Brief:
One line at a time, check the entries below for the word "onze", and copy each line that has it.

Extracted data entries
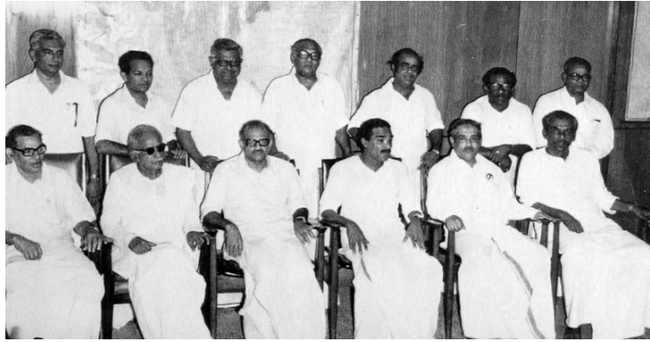
പി കെ വി മന്ത്രിസഭ

1977-ൽ നിയമസഭയിലേയ്ക്ക് തിരഞ്ഞെടുക്കപ്പെട്ട പി കെ വി മന്ത്രിസഭാംഗമായി. വ്യവസായം, വിദ്യാഭ്യാസം വകുപ്പുകളായിരുന്നു കൈകാര്യം ചെയ്തിരുന്നത്. ഏ കെ ആന്റണി മുഖ്യമന്ത്രി സ്ഥാനം രാജിവെച്ചപ്പോൾ പി കെ വി മുഖ്യമന്ത്രിയായി തിരഞ്ഞെടുക്കപ്പെട്ടു. ചുരുങ്ങിയ കാലത്തിനകം തന്നെ കഴിവുറ്റ ഭരണാധികാരിയാണെന്നു തെളിയിക്കാൻ അദ്ദേഹത്തിനു കഴിഞ്ഞു. പി കെ വി മുഖ്യമന്ത്രിയായിരുന്നപ്പോഴായിരുന്നു ദേശവ്യാപകമായി സി ആർ പി എഫുകാരുടെ സമരം നടന്നത്. യുപിയിലും മറ്റും രൂക്ഷമായ സംഘട്ടനങ്ങൾ നടന്നു. കേരളത്തിൽ പള്ളിപ്പുറത്തെ സി ആർ പി എഫ് ക്യാമ്പിലും സമരം തുടങ്ങി. സമരത്തെ പട്ടാളത്തെ ഉപയോഗിച്ചു നേരിടാനായിരുന്നു കേന്ദ്ര സർക്കാർ നിർദ്ദേശിച്ചിരുന്നത്. എന്നാൽ കൂടിയാലോചനകളിലൂടെ ഏറ്റുമുട്ടലില്ലാതെ സമരരംഗത്തുള്ള സി ആർ പി എഫുകാരെ നിരായുധരാക്കാൻ കഴിഞ്ഞത് പി കെ വിയുടെ ഭരണപാടവത്തിന്റെ തെളിവാണ്.
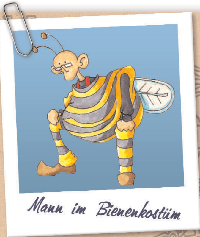
Mann im Bienenkostüm

Der Mann im Bienenkostüm leidet an einer Krankheit, die erneut beweist, dass das Schicksal einen Sinn für Humor hat: Eine chronische Überproduktion von Ohrenschmalz.
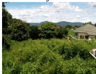
Uitzicht van onze gastenkamer!

bomen, en de bergen op de achtergrond, maar 10 minuten rijden met de auto! En toch zitten we ook maar 10 minuten van het centrum van Lampang met zijn doolhof van markten en winkeltjes, met tussendoor beroemde tempels aan beide zijden van de rivier die door het hart van de stad loopt. Bijna 4 weken geleden lieten we de taalschool, onze
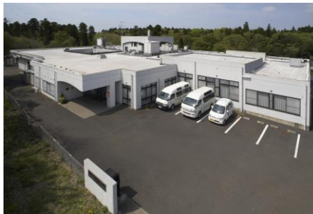
千葉エリア (ちば美香苑) 043-228-3848 (最寄駅) 鎌取 駅から送迎有り
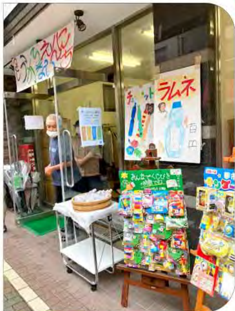
第二悠遊舎えどがわ ↓“レインボーハウス”↓
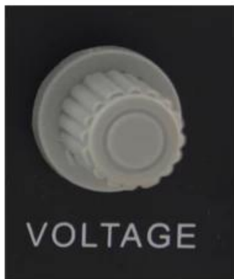
Voltage output / input mode conversion

After power on, press the switch is turned on to work, close to stop working
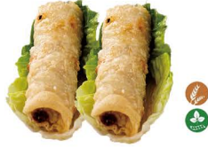
54. ROLLO DE POLLO (2 UDS.) (Crepes de arroz relleno de pollo y verduras ) 4,50€

Response:
Uitzicht van onze gastenkamer!
bomen, en de bergen op de achtergrond, maar 10 minuten rijden met de auto! En toch zitten we ook maar 10 minuten van het centrum van Lampang met zijn doolhof van markten en winkeltjes, met tussendoor beroemde tempels aan beide zijden van de rivier die door het hart van de stad loopt. Bijna 4 weken geleden lieten we de taalschool, onze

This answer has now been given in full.